● ACTION ITEM
Skip the pictures. Retype exactly, and only, the lines between the line holding "Three selected production" and the last line below, inclusive.

● COLLECTED DATA

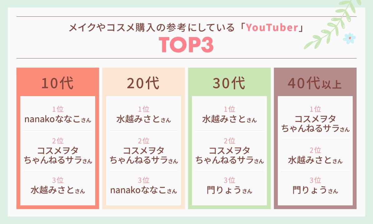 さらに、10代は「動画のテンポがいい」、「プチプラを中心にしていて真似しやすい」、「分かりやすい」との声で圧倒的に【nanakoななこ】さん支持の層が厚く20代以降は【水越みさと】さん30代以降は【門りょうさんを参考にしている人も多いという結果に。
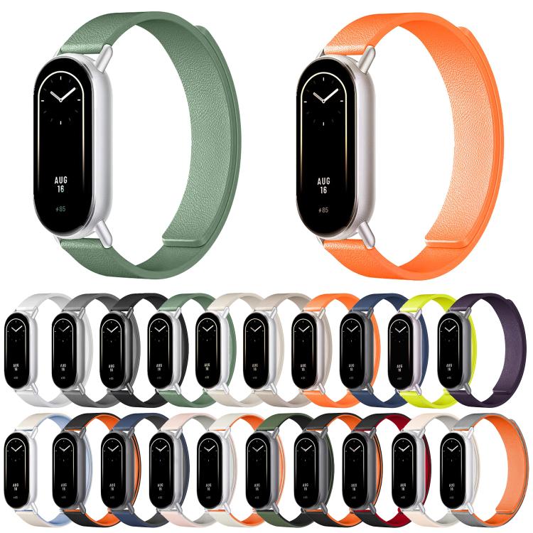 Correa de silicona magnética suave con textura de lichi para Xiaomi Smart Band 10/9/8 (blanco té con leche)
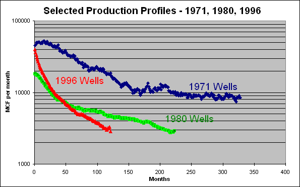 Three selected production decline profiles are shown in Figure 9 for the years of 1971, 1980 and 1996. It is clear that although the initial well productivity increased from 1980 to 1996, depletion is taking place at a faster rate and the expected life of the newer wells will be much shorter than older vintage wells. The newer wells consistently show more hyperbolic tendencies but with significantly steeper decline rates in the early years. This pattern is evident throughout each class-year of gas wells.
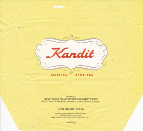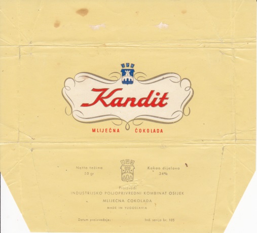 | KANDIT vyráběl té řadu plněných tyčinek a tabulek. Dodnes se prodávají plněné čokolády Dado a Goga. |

● EXERCISE OUTPUT
 Three selected production decline profiles are shown in Figure 9 for the years of 1971, 1980 and 1996. It is clear that although the initial well productivity increased from 1980 to 1996, depletion is taking place at a faster rate and the expected life of the newer wells will be much shorter than older vintage wells. The newer wells consistently show more hyperbolic tendencies but with significantly steeper decline rates in the early years. This pattern is evident throughout each class-year of gas wells.
 | KANDIT vyráběl té řadu plněných tyčinek a tabulek. Dodnes se prodávají plněné čokolády Dado a Goga. |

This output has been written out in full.